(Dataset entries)

┄┄┄┄┄┄┄┄┄┄

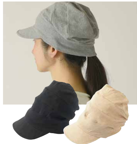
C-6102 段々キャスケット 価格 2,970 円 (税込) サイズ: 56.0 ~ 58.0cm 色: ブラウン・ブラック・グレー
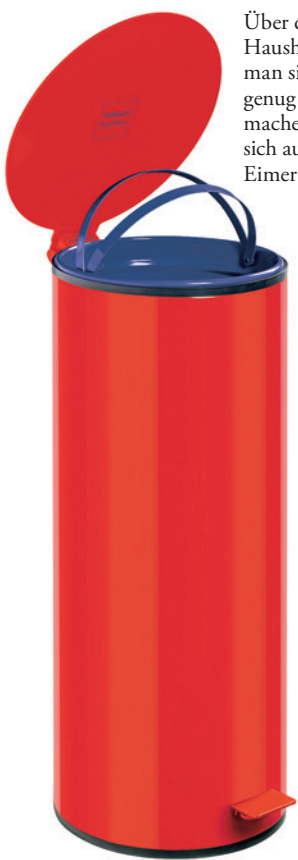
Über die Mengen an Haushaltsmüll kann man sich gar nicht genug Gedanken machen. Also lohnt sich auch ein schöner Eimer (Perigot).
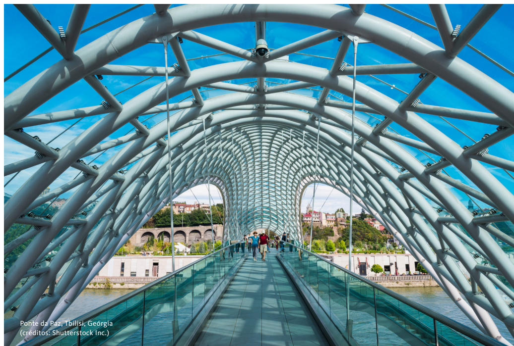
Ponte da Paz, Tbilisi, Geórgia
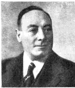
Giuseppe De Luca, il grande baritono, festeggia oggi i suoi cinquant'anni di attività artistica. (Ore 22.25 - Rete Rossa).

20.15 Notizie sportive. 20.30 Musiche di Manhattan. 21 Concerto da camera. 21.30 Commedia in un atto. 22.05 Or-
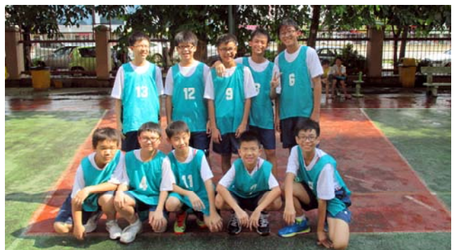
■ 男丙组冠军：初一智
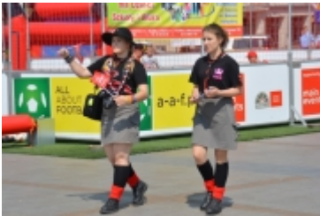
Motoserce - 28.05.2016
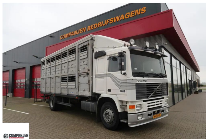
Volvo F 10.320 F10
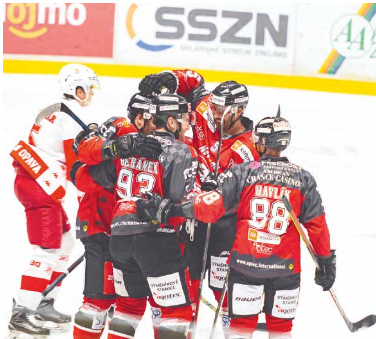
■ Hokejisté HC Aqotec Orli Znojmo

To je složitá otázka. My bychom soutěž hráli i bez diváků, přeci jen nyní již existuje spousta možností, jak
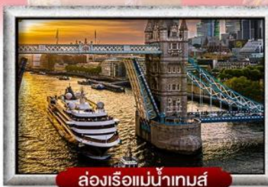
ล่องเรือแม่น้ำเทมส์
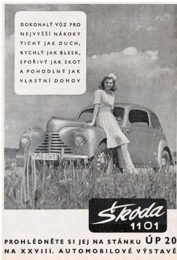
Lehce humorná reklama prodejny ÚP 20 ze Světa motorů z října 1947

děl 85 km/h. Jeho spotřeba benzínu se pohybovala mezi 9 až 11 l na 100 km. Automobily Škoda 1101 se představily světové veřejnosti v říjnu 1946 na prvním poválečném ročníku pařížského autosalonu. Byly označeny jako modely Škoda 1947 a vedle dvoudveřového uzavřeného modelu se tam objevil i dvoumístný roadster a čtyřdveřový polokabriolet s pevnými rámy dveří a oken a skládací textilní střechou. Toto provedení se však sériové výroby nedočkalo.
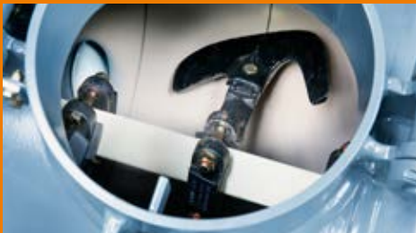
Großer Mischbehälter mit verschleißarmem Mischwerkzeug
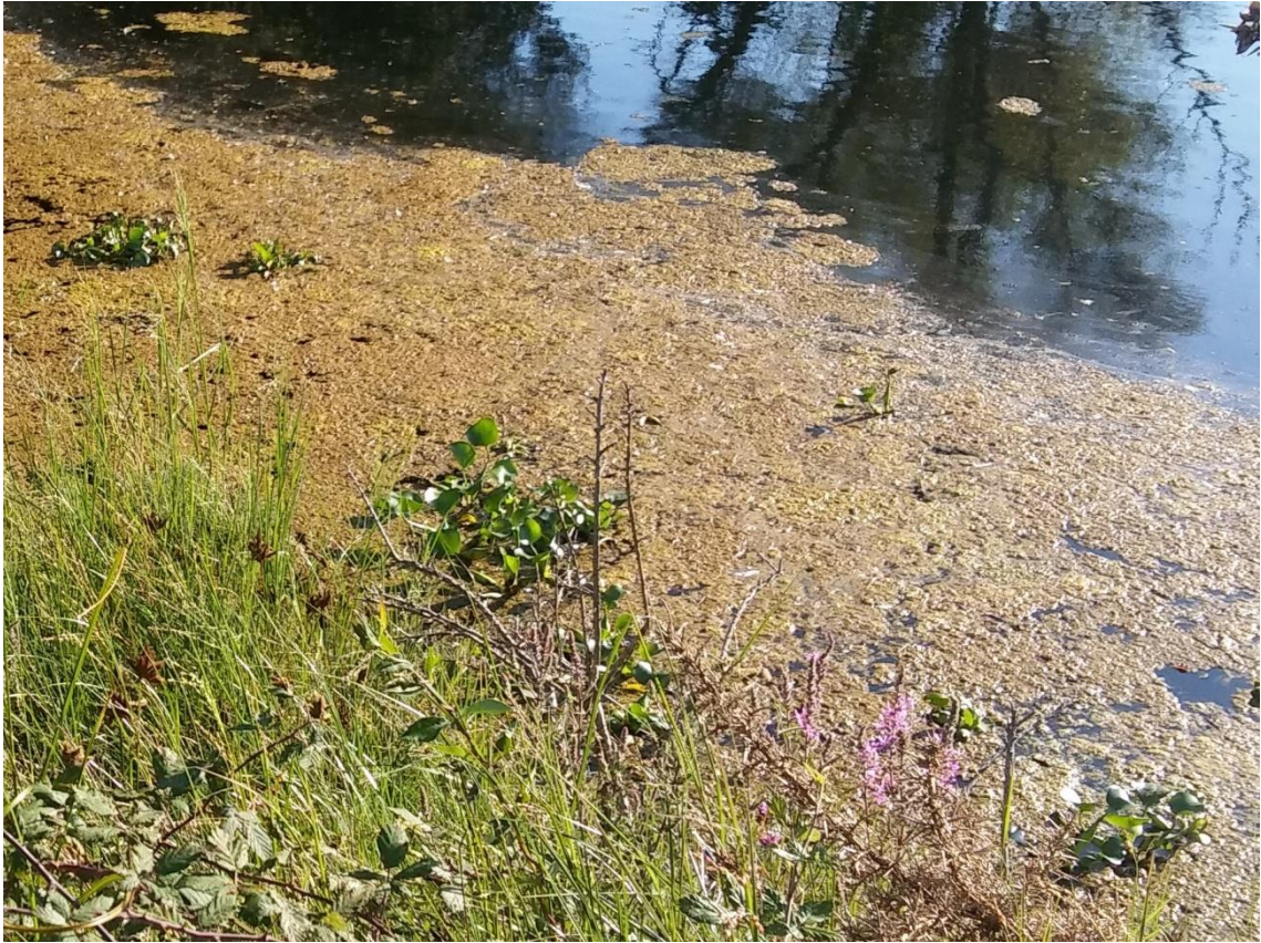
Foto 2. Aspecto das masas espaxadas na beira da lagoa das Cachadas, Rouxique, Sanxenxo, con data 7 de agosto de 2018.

┄┄┄┄┄┄┄┄┄┄

*EXERCISE OBJECTIVE*: Pictures in the entries do not go into the copy. Print only the lines starting at the one containing "Über die Mengen" and ending at the one containing "děl 85 km/h.", exactly as they appear.

*ANSWER TO THE PROBLEM*:
Über die Mengen an Haushaltsmüll kann man sich gar nicht genug Gedanken machen. Also lohnt sich auch ein schöner Eimer (Perigot).
Ponte da Paz, Tbilisi, Geórgia
Giuseppe De Luca, il grande baritono, festeggia oggi i suoi cinquant'anni di attività artistica. (Ore 22.25 - Rete Rossa).

20.15 Notizie sportive. 20.30 Musiche di Manhattan. 21 Concerto da camera. 21.30 Commedia in un atto. 22.05 Or-
■ 男丙组冠军：初一智
Motoserce - 28.05.2016
Volvo F 10.320 F10
■ Hokejisté HC Aqotec Orli Znojmo

To je složitá otázka. My bychom soutěž hráli i bez diváků, přeci jen nyní již existuje spousta možností, jak
ล่องเรือแม่น้ำเทมส์
Lehce humorná reklama prodejny ÚP 20 ze Světa motorů z října 1947

děl 85 km/h. Jeho spotřeba benzínu se pohybovala mezi 9 až 11 l na 100 km. Automobily Škoda 1101 se představily světové veřejnosti v říjnu 1946 na prvním poválečném ročníku pařížského autosalonu. Byly označeny jako modely Škoda 1947 a vedle dvoudveřového uzavřeného modelu se tam objevil i dvoumístný roadster a čtyřdveřový polokabriolet s pevnými rámy dveří a oken a skládací textilní střechou. Toto provedení se však sériové výroby nedočkalo.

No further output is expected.